Now why trainning my model with split set train fine

model.fit(trainning_set, validation_data=data.test_set)

but trainning my model with all the data doesn't work and produce nan??!!

model.fit(full_dataset)

Epoch 1/5
160/160 - 2s - loss: nan - nash_sutcliffe: nan - 2s/epoch - 12ms/step
Epoch 2/5
160/160 - 0s - loss: nan - nash_sutcliffe: nan - 319ms/epoch - 2ms/step
...

I did some search and test but can't found what is different btw these 2 versions of dataset and why one work an not the other one!?

here samples of my test_set and full_dataset before batching... as you can see it are the same except for test_set, the values of inputs1 are more rounded (?!) but still float32

for inputs, targets in test_set.take(1):
            print("Feature:", inputs)
            print("Label:", targets)

Feature: {'input1': <tf.Tensor: shape=(5, 3), dtype=float32, numpy=
array([[ 0.  , 16.12,  0.  ],
       [ 0.  , 17.42,  0.57],
       [ 0.  , 11.36, 13.97],
       [ 0.  , 10.55,  0.96],
       [ 0.  , 11.56,  0.24]], dtype=float32)>, 'input2': <tf.Tensor: shape=(13,), dtype=float32, numpy=
array([1.4391040e+02, 5.4850894e+03, 8.7901926e+00, 3.6657768e+01,
       5.4554661e+01, 9.5567673e+01, 2.0000000e+00, 5.8438915e+01,
       2.0383540e+03, 6.7381866e+01, 5.6437737e+01, 4.7759323e+00,
       0.0000000e+00], dtype=float32)>}
Label: tf.Tensor(0.91, shape=(), dtype=float32)

for inputs, targets in full_dataset.take(1):
            print("Feature:", inputs)
            print("Label:", targets)

Feature: {'input1': <tf.Tensor: shape=(5, 3), dtype=float32, numpy=
array([[0.000e+00, 9.860e+00, 0.000e+00],
       [0.000e+00, 1.308e+01, 0.000e+00],
       [0.000e+00, 1.433e+01, 1.000e-02],
       [0.000e+00, 1.630e+01, 0.000e+00],
       [0.000e+00, 1.644e+01, 0.000e+00]], dtype=float32)>, 'input2': <tf.Tensor: shape=(13,), dtype=float32, numpy=
array([1.4391040e+02, 5.4850894e+03, 8.7901926e+00, 3.6657768e+01,
       5.4554661e+01, 9.5567673e+01, 2.0000000e+00, 5.8438915e+01,
       2.0383540e+03, 6.7381866e+01, 5.6437737e+01, 4.7759323e+00,
       0.0000000e+00], dtype=float32)>}
Label: tf.Tensor(0.79, shape=(), dtype=float32)
1

There are 1 answers

0
mhenning On BEST ANSWER

(copied from comments)

Did you try with more epochs on the split set?

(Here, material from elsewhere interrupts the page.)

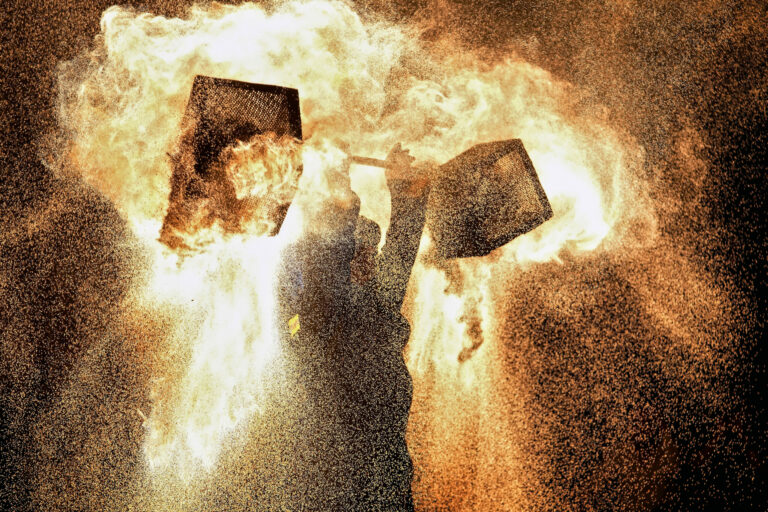 Čínsky umelec predvádza svoju ohňovú šou na jesennom festivale v Číne. Peking, 17. september 2024. Foto: SITA/AP

To me, it looks like both should go towards nan values because you work with unscaled data, and I assume something like ReLU activation functions in the model. The full_dataset should arrive faster at nan's, because there is more data per epoch and therefore more gradient steps with the same batch size. More gradient updates per epoch lead to faster exploding weights in the network.

Solution: Use things like StandardScaler on your data (and don't forget to split the data first into train&test, and fit only on the train data.)